Top Related Projects
An unsupervised learning framework for depth and ego-motion estimation from monocular videos
TRI-ML Monocular Depth Estimation Repository
[ICCV 2019] Monocular depth estimation from a single image
Quick Overview
ClementPinard/SfmLearner-Pytorch is a PyTorch implementation of the SfMLearner model for unsupervised depth and ego-motion estimation from monocular videos. It provides a framework for training and testing the model on various datasets, including KITTI and Cityscapes.
Pros
- Implements a state-of-the-art unsupervised learning approach for depth and ego-motion estimation
- Supports multiple datasets and provides pre-trained models
- Well-documented codebase with clear instructions for setup and usage
- Includes evaluation scripts for benchmarking results
Cons
- Requires significant computational resources for training
- Limited to monocular video input, not suitable for stereo or multi-view setups
- May struggle with complex scenes or rapid camera movements
- Dependency on specific versions of PyTorch and other libraries
Code Examples
- Loading a pre-trained model:
from models import DispNetS, PoseExpNet
from torch.utils.data import DataLoader
# Load pre-trained DispNet model
disp_net = DispNetS().cuda()
weights = torch.load('pretrained_model_disp.pth.tar')

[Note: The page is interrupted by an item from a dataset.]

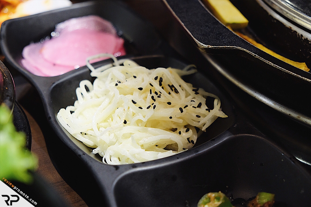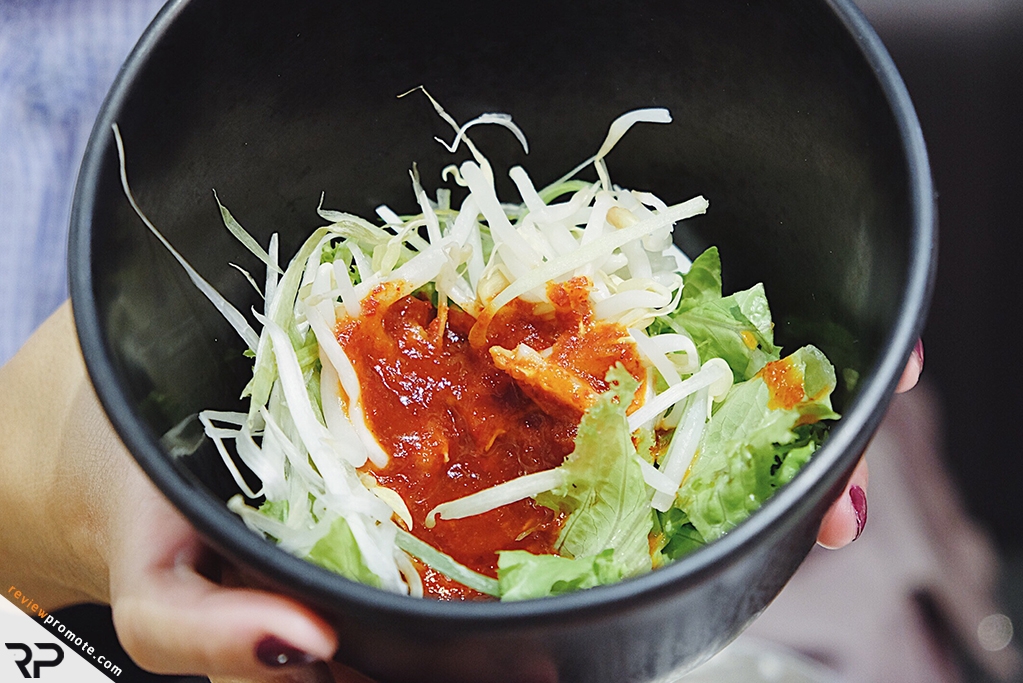 เครื่องเคียงเยอะมาก เติมได้ไม่อั้น ไม่ว่าจะเป็น ผักสลัด กิมจิ พริกโคชูจัง ผักดอง หัวไชเท้า พริกสด สลัด ฯลฯ และซอสสูตรพิเศษของทางร้าน

disp_net.load_state_dict(weights['state_dict'])
disp_net.eval()
# Load pre-trained PoseExpNet model
pose_exp_net = PoseExpNet(nb_ref_imgs=2).cuda()
weights = torch.load('pretrained_model_pose.pth.tar')

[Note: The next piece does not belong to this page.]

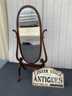 Item Description- Quality antique Victorian oak cheval mirror. It is tight and sturdy and in very good condition. WE SHIP ANYWHERE IN THE USA. IF YOU NEED A HOME DELIVERY QUOTE EMAIL US YOUR ZIP CODE. THE EBAY SITE IS SOMETIMES BROKEN AND WILL NOT LET YOU PURCHASE AN ITEM SAYING WE DO NOT SHIP TO YOUR LOCATION. THE WORK AROUND IS TO MAKE AN OFFER FOR THE AMOUNT STATED ON THE LISTING THEN WAIT FOR ME TO INVOICE YOU BEFORE TRYING TO PAY. SHOWROOM NUMBER 609 261 0602. SHIPPING: Center Stage does our own deliveries to New York, Pennsylvania and New Jersey including the New York city and Philadelphia area every 1-2 weeks at very reasonable rates. For rates please email us with zip code. Age- circa 1910 Size- 33"W x 24"D x 71"H Mirror 22"W x 55"H This item can be packaged, insured and shipped via freight directly to your home. BUYER IS RESPONSIBLE TO PAY SHIPPING COSTS ON ALL ITEMS! If you need home delivery email us with your zip code for a quote. Large items or those over 100 lbs. will need freight shipping and we are happy to provide a free quote but you will pay the shipper directly. Expect delivery times on these items to be approx. 2-6 weeks depending on your location. All local deliveries within 50 miles and to NYC are done by Center Stage Antiques. If you are picking up from our store you will need to contact us with a pick up time. NJ residents and buyers picking up are subject to NJ sales tax. Center Stage Antiques has been at its current location for 23 years, selling high quality used estate furnishings at a fraction of the cost. All items are sold in their original condition and ready to place in your home. If you have any specific questions regarding the condition of an item please email us before bidding. We are a small family business who do everything ourselves including packaging and local deliveries. We package and ship small items for greyhound once a week, once shipped you can expect your item to arrive within 5-10 days depending on your location. We will then email you the tracking # and expected time of arrival, greyhound will call you when it arrives to pick up from the station.

pose_exp_net.load_state_dict(weights['state_dict'])
pose_exp_net.eval()
- Predicting depth and pose:
import torch
from torchvision import transforms
# Prepare input data
img_transform = transforms.Compose([
transforms.Resize((128, 416)),
transforms.ToTensor(),
transforms.Normalize([0.5, 0.5, 0.5], [0.5, 0.5, 0.5])
])
tgt_img = img_transform(tgt_img).unsqueeze(0).cuda()

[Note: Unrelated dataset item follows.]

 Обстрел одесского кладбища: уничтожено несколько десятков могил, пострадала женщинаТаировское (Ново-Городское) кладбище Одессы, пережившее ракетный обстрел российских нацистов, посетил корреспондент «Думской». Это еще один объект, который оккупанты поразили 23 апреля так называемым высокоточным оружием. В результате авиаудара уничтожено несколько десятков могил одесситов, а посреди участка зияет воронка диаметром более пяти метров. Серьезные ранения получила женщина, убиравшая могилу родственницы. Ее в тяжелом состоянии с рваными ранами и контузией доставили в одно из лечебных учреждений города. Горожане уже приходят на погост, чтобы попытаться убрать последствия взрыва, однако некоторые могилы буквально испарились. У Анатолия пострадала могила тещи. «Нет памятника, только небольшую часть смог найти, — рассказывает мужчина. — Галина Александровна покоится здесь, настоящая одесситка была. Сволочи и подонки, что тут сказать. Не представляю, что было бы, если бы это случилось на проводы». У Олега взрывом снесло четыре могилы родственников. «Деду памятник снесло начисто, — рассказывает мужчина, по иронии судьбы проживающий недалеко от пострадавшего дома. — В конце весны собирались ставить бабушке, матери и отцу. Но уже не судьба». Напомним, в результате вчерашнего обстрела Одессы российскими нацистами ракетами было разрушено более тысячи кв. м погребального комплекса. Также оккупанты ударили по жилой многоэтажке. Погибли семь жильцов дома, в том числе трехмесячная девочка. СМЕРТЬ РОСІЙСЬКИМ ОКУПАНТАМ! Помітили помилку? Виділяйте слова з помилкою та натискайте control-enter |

ref_imgs = [img_transform(img).unsqueeze(0).cuda() for img in ref_imgs]
# Predict depth and pose
with torch.no_grad():
disp = disp_net(tgt_img)
depth = 1 / disp
pose = pose_exp_net(tgt_img, ref_imgs)
- Visualizing results:
import matplotlib.pyplot as plt
# Visualize depth map
plt.figure(figsize=(10, 5))
plt.imshow(depth[0, 0].cpu().numpy(), cmap='magma')
plt.colorbar()
plt.title('Predicted Depth Map')
plt.show()
# Visualize pose (translation only)
plt.figure(figsize=(10, 5))
plt.plot(pose[0, :3].cpu().numpy())
plt.title('Predicted Camera Translation')
plt.legend(['x', 'y', 'z'])
plt.show()
Getting Started
-
Clone the repository:
git clone https://github.com/ClementPinard/SfmLearner-Pytorch.git cd SfmLearner-Pytorch
-
Install dependencies:
pip install -r requirements.txt
-
Download a pre-trained model:
wget https://github.com/ClementPinard/SfmLearner-Pytorch/releases/download/v0.2/exp_pose_model_best.pth.tar wget https://github.com/ClementPinard/SfmLearner-Pytorch/releases/download/v0.2/exp_mask_model_best.pth.tar
-
Run inference on a sample video:
python test_vo.py --pretrained-posenet exp_pose_model_best.pth.tar --pretrained-dispnet exp_mask_model_best.pth.tar --dataset-dir
Competitor Comparisons
An unsupervised learning framework for depth and ego-motion estimation from monocular videos
Pros of SfMLearner
- Original implementation by the authors of the SfMLearner paper
- Supports TensorFlow, which may be preferred by some researchers
- Includes pre-trained models for immediate use
Cons of SfMLearner
- Less actively maintained (last update in 2018)
- Limited to TensorFlow 1.x, which is now deprecated
- Lacks some modern features and optimizations
Code Comparison
SfMLearner (TensorFlow):
def get_multi_scale_intrinsics(raw_cam_mat, num_scales):
proj_cam2pix = []
for s in range(num_scales):
proj_cam2pix.append(raw_cam_mat * (2**s))
proj_cam2pix = tf.stack(proj_cam2pix)
return proj_cam2pix
SfmLearner-Pytorch:
def get_multi_scale_intrinsics(raw_cam_mat, num_scales):
proj_cam2pix = []
for s in range(num_scales):
proj_cam2pix.append(raw_cam_mat * (2**s))
proj_cam2pix = torch.stack(proj_cam2pix)
return proj_cam2pix
The code structure is similar, with the main difference being the use of TensorFlow vs. PyTorch functions.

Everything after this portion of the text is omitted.